* Exercise aim
All pictures must be left out as you transcribe the lines from the first line of the data to the line containing "外観は、落ち着いた風景にすっと馴染むモスグリーンのガルバリウム鋼板。", both included.

* Data shown
-*-*-

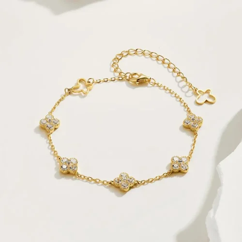 Dylam Lucky Four Leaf Clover Bracelet S925 Silver Jewellery Charm White 5A Cz Cubic Zirconia Bracelets for Women
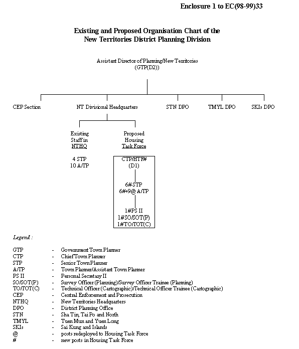 | 7. The existing and proposed organisation chart of New Territories Headquarters of PlanD is at Enclosure 1. The job description of the proposed CTP post is at Enclosure 2. | Encl. 1
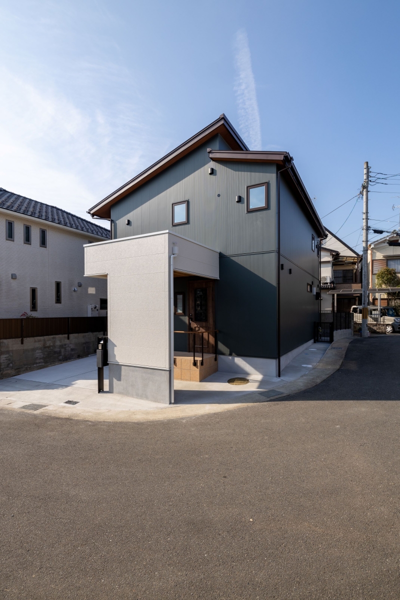 外観は、落ち着いた風景にすっと馴染むモスグリーンのガルバリウム鋼板。
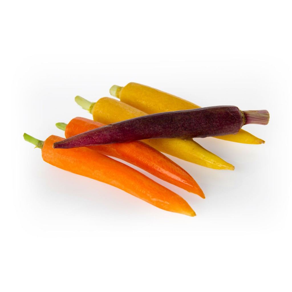 Baby Mini Cello Multi-Coloured CarrotsBaby Mini Cello Multi-Coloured Carrots, comprised of organic yellow, orange and purple baby carrots.

-*-*-

* Answer to this task
 Dylam Lucky Four Leaf Clover Bracelet S925 Silver Jewellery Charm White 5A Cz Cubic Zirconia Bracelets for Women
 | 7. The existing and proposed organisation chart of New Territories Headquarters of PlanD is at Enclosure 1. The job description of the proposed CTP post is at Enclosure 2. | Encl. 1
 外観は、落ち着いた風景にすっと馴染むモスグリーンのガルバリウム鋼板。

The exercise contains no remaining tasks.